L’etica al tempo dei robot

Relatore
Prof. Giuseppe O. Longo - Università di Trieste

Data e ora
lunedì 28 febbraio 2011 alle ore 16.15 - ore 16.15 rinfresco, ore 16.30 inizio seminario

Luogo
Ca' Vignal 3 - Piramide, Piano 0, Sala Verde

Referente
Roberto Giacobazzi

Referente esterno

Data pubblicazione
15 febbraio 2011

Dipartimento
Informatica  

Riassunto

Quelle strane macchine chiamate “robot”, che nelle visioni più ottimistiche dovrebbero essere i nostri servitori e i nostri compagni, si rivelano sempre più inquietanti e ci pongono questioni che vanno dagli aspetti più tecnici della loro costruzione fino ai più sottili interrogativi di natura etica. Sì, etica, perché la loro presenza non può non sollevare certe domande: se i robot dovessero un giorno diventare intelligenti e sensibili (quasi) quanto gli umani, potremmo continuare a considerarli macchine, come lavatrici o automobili? O dovremmo adottare atteggiamenti empatici e comprensivi come nei confronti degli animali domestici? E viceversa: quali comportamenti dei robot dovremmo tollerare, incoraggiare o vietare?

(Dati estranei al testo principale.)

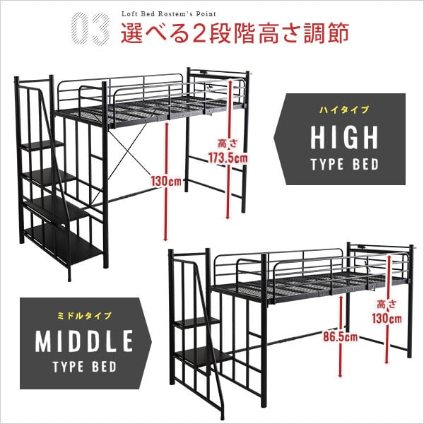 階段付パイプロフトベッド(4色)、ハイタイプでもミドルタイプでも選べる大容量の収納力 | Rostem-ロステム HT70-102...
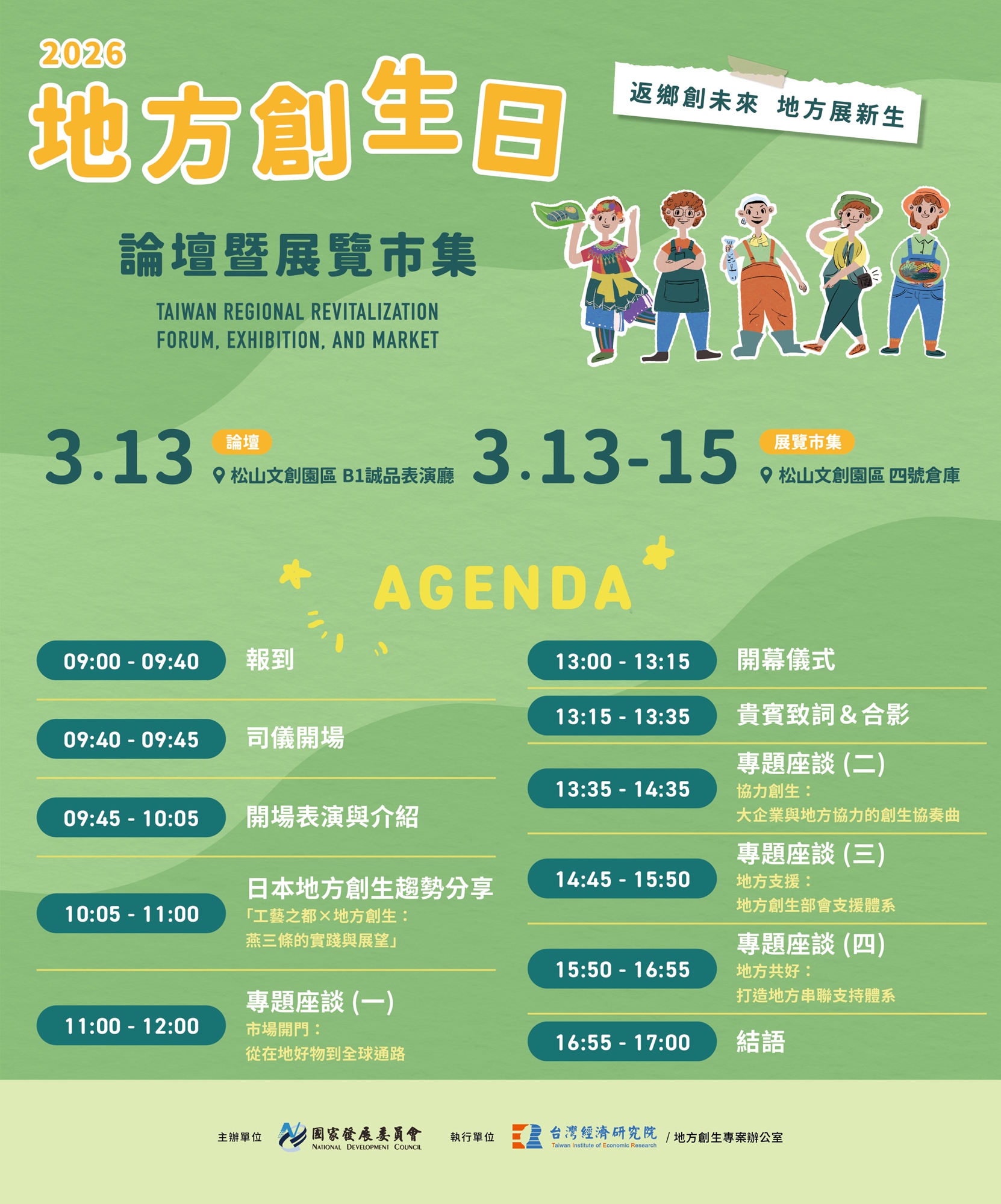 「2026 地方創生日─論壇暨展覽市集」將於 3月13日(三)至 3月15日(日)在松山文創園區舉行,以「返鄉創未來・地方展新生」為主軸,結合論壇、展覽與市集,邀請民眾在地方創生日這一天,親身感受來自全臺各地的創生行動與在地魅力。
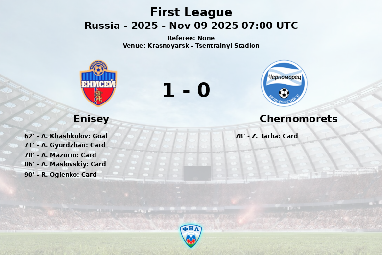 Krasnoyarsk fue testigo de un encuentro reñido entre el Enisey y el Chernomorets en el Tsentralnyi Stadion, correspondiente a la fecha 18 de la temporada regular de la First League rusa. El partido, jugado el 9 de noviembre de 2025, se definió por un solitario gol de penal de A. Khashkulov al minuto 62, dándole la victoria al Enisey.

L’ultima domanda è importante perché rivela il conflitto tra la loro natura artificiale, che dovrebbe renderli obbedienti alla nostra programmazione, e la loro parziale autonomia (se un robot non è autonomo non è un robot) che, in linea di principio, potrebbe indurli a decisioni nocive nei nostri confronti. Questo conflitto diventa manifesto quando si pensi alla costruzione e all’uso dei “soldati robot”. Erano problemi di questo genere che aveva in mente Asimov quando postulò le “Leggi della robotica” che vietavano ai robot di compiere azioni dannose per gli esseri umani. Ma queste leggi non sono realistiche, perché le conseguenze lontane di un’azione in apparenza neutra o utile agli umani possono rivelarsi nocive o disastrose. Anche agli uomini capita di provocare danni gravissimi pur operando con le migliori intenzioni.

Non sono realistiche, le leggi della robotica, ma costituiscono comunque un primo embrione di un’etica dei robot o, con un neologismo ormai corrente, una “roboetica”. Il concetto di roboetica si può declinare in almeno tre maniere: il comportamento degli umani verso i robot; il comportamento dei robot verso gli umani e le conseguenze che ha la presenza dei robot sull’etica in generale, cioè sui comportamenti degli umani in genere.

In questo ambito le previsioni si mescolano facilmente con la fantascienza (che peraltro è un importante laboratorio concettuale di scenari plausibili). Accanto alle speculazioni ci sono le realtà: in Giappone (il paese di gran lunga più avanzato nella costruzione e nell’impiego dei robot) si tocca con mano quanto possa diventare intenso il rapporto uomo-macchina quando il robot sia un (o una) “badante” con sembianze umane oppure quando abbia più o meno le fattezze e il comportamento di un animale domestico (si pensi al cane Aibo, che di recente la Sony ha deciso di non produrre più). La proiezione affettiva è tanto forte da suscitare problemi psicologici e, ancora una volta, etici. E poi, in generale, la marcia sempre più convulsa di una tecnologia invasiva e onnipresente non può non avere effetti profondi sull’immagine che abbiamo di noi stessi e sul nostro stesso essere “umani”: specchiandoci in quello straniante alter ego che sta diventando il robot, quale immagine ce ne ritorna? Riusciremo, per differenza o per similarità, a capire qualcosa di più di noi stessi?